Safety and Effectiveness of the Orsiro Mission 48-mm Sirolimus Eluting Coronary Stent System in Subjects With Coronary Artery Lesions (BIOFLOW-48) Study

Eligibility Criteria

• 1. Subject is ≥ 18 years of age
• 2. Subject is able to understand the nature of the study and provide written informed consent.
• 3. Subject is an acceptable candidate for percutaneous coronary intervention (PCI) according to the applicable guidelines.
• 4. Subject is an acceptable candidate for CABG.
• 5. Subject is eligible for dual antiplatelet therapy (DAPT) according to guidelines.
• 6. Subject has clinical evidence of ischemic heart disease, stable or unstable angina pectoris or documented silent ischemia.
• 7. Subject is willing and able to comply with study follow-up requirements.
• 1. For sites in United States only: Subject has clinical symptoms and/or electrocardiogram (ECG) changes consistent with acute ST elevation myocardial infarction (STEMI) within 72 hours prior to the index procedure.
• 2. Subject is hemodynamically unstable.
• 3. Subject is pregnant and/or breastfeeding or intends to become pregnant during the duration of the study.
• 4. Subject has a known allergy to contrast medium that cannot be adequately pre-medicated, or any known allergy to thienopyridine, aspirin, both heparin and bivalirudin, L-605 cobalt-chromium (Co-Cr) alloy or one of its major elements (cobalt, chromium, tungsten and nickel), acrylic, fluoropolymers, silicon carbide, PLLA or sirolimus.
• 5. Revascularization of any target vessel within 12 months prior to the index procedure or previous PCI of any non-target vessel within \<72 hours prior to the index procedure.
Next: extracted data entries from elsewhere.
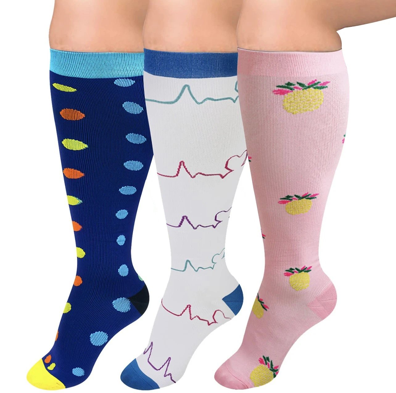 亚马逊跨境加肥加大袜 胖子压缩袜男女跑步健身小腿袜欧美加大码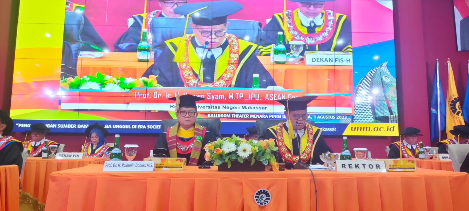 MAKASSAR, KACE — Universitas Negeri Makassar (UNM) memperingati puncak Dies Natalis ke-62 di Ballroom Theater Menara Pinisi, Selasa 1 Agustus 2023.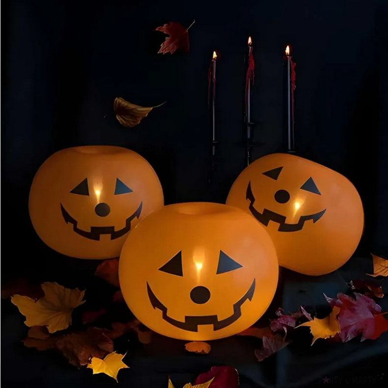 Balon Świecąca dynia to doskonała propozycja na Halloween, połączenie balonu lateksowego z lampionem.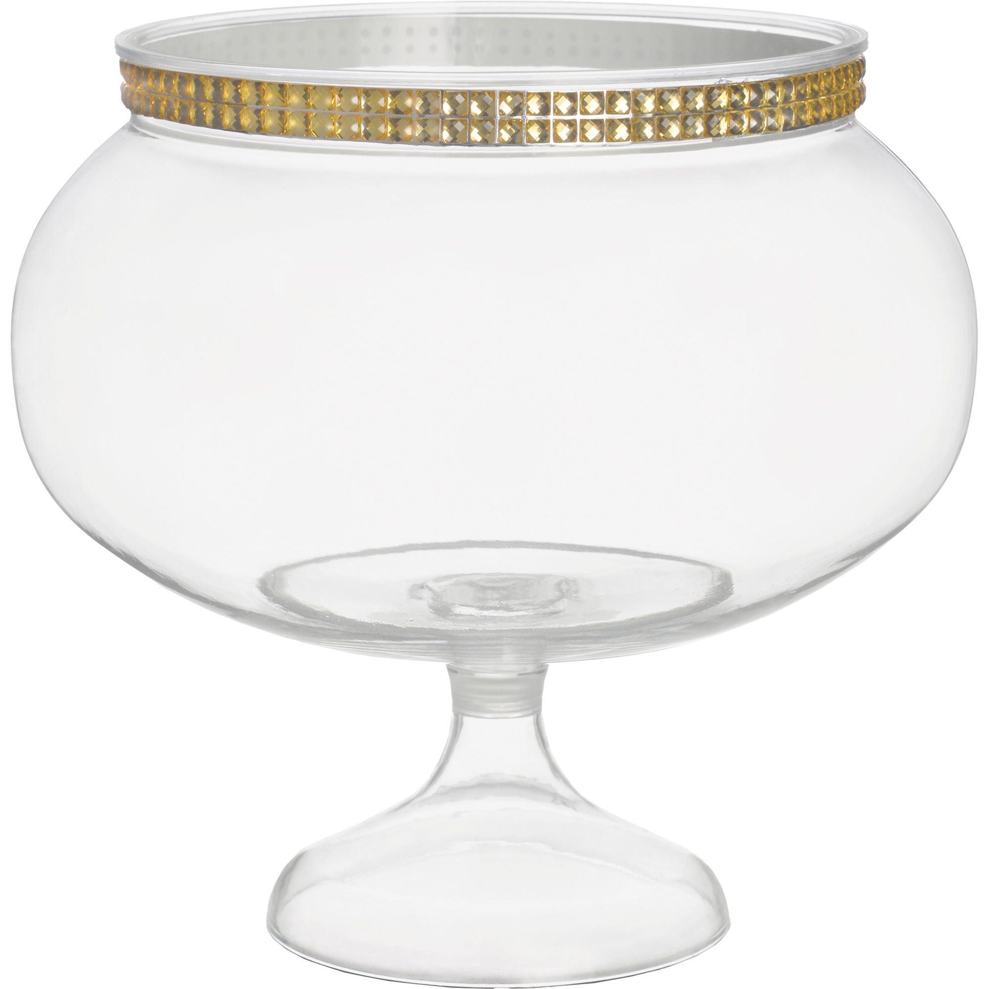 Gold Rhinestone Plastic Pedestal Bowl, 60oz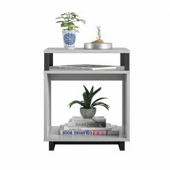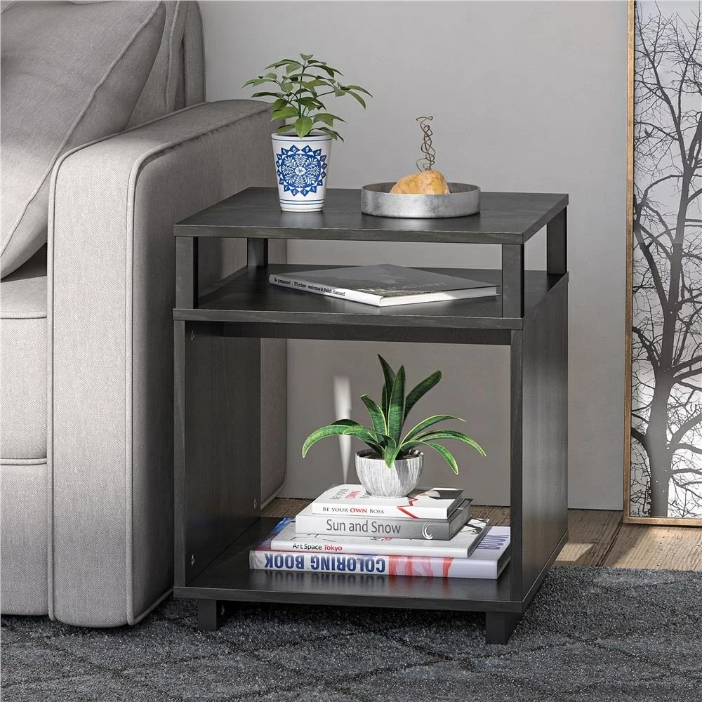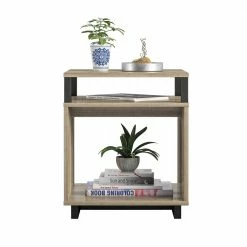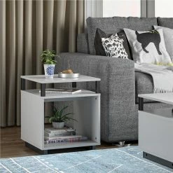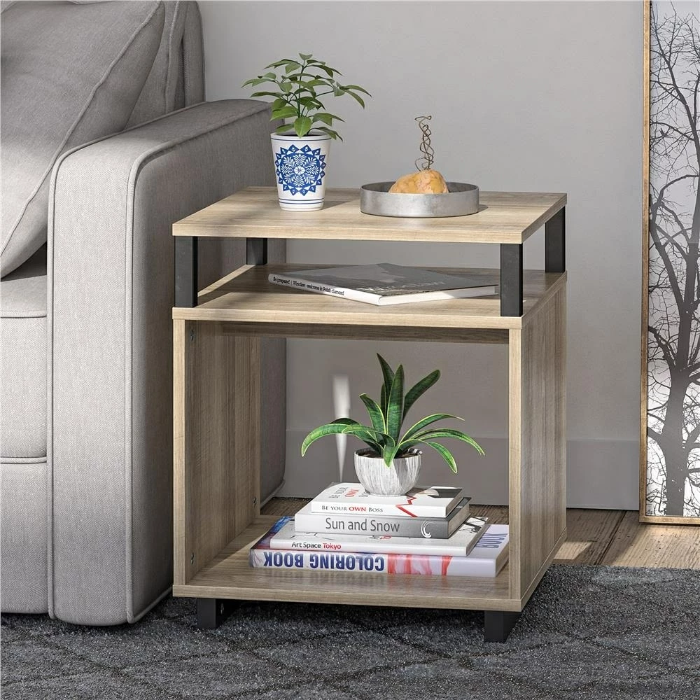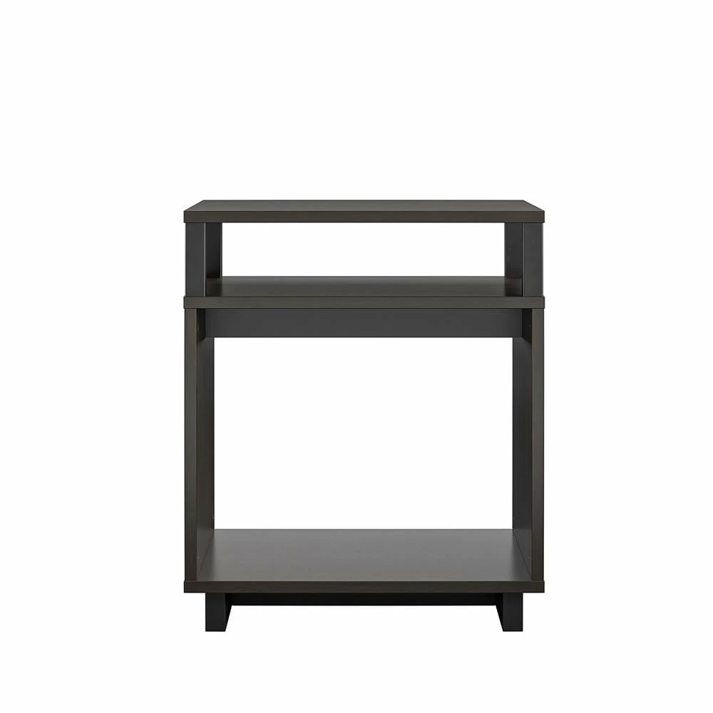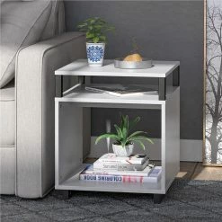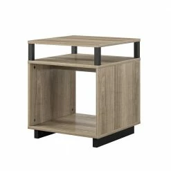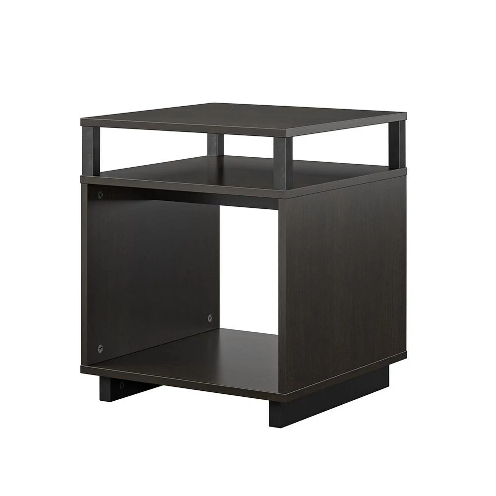 Get more table space for your living room or den with the Avenue Greene Naperville End Table. The finish on the laminated particleboard is accented by the metal accents for a contemporary feel. The table top is perfect for a reading lamp, electronics, and remotes to keep essentials within reach. The Table offers a smaller shelf and larger lower shelf to organize all of your books and magazines or to display family photos and decorations. The open back makes it easy to plug in any devices so you can keep your cell phone and hand held games charged. The End Table ships flat to your door and requires assembly upon opening. Two adults are recommended to assemble. Once assembled, the End Table measures to be 20.47?H x 17.4?W x 17.4?D.

• 6. Future planned PCI (including staged procedure) or CABG after the index procedure.
• 7. Planned surgery or dental surgical procedure within 6 months of index procedure unless dual antiplatelet therapy can be maintained throughout the peri-surgical period.
• 8. History of a stroke or transient ischemic attack (TIA) within 6 months prior to the index procedure.
• 9. Subjects with active bleeding disorders, active coagulopathy, or any other reason, who are ineligible for DAPT.
• 10. Subject will refuse blood transfusions.
• 11. Subject has a left ventricular ejection fraction (LVEF) \< 30% within 6 months prior to or during the index procedure that was documented by any method.
• 12. Subject is dialysis dependent or has impaired renal function (i.e., serum creatinine \> 2.5 mg/dL or 221 µmol/L, determined within 7 days prior to the index procedure).
• 13. Subject has a documented white blood cell count \< 3,000 white blood cells/mm3 or a documented platelet count \< 100,000 platelets/mm3 or \> 700,000 platelets/mm3.
• 14. Subject is receiving oral or intravenous immunosuppressive therapy (inhaled steroids are permitted) or has known life-limiting immunosuppressive or autoimmune disease (e.g., human immunodeficiency virus, systemic lupus erythematosus; diabetes mellitus is permitted).
• 15. Subject is receiving or scheduled to receive chemotherapy within 30 days before or after the index procedure or has a malignancy that is not in remission.
• 16. Subjects under oral anticoagulation therapy (OAC) prior to index procedure unless DAPT + OAC (i.e. triple therapy) can be maintained according to guidelines.
• 17. Subject has life expectancy of \< 1 year.
• 18. Subject is currently participating or plans to participate in another clinical investigation with an investigational device or an investigational drug.
• 19. In the investigator's opinion, subject will not be able to comply with the follow-up requirements.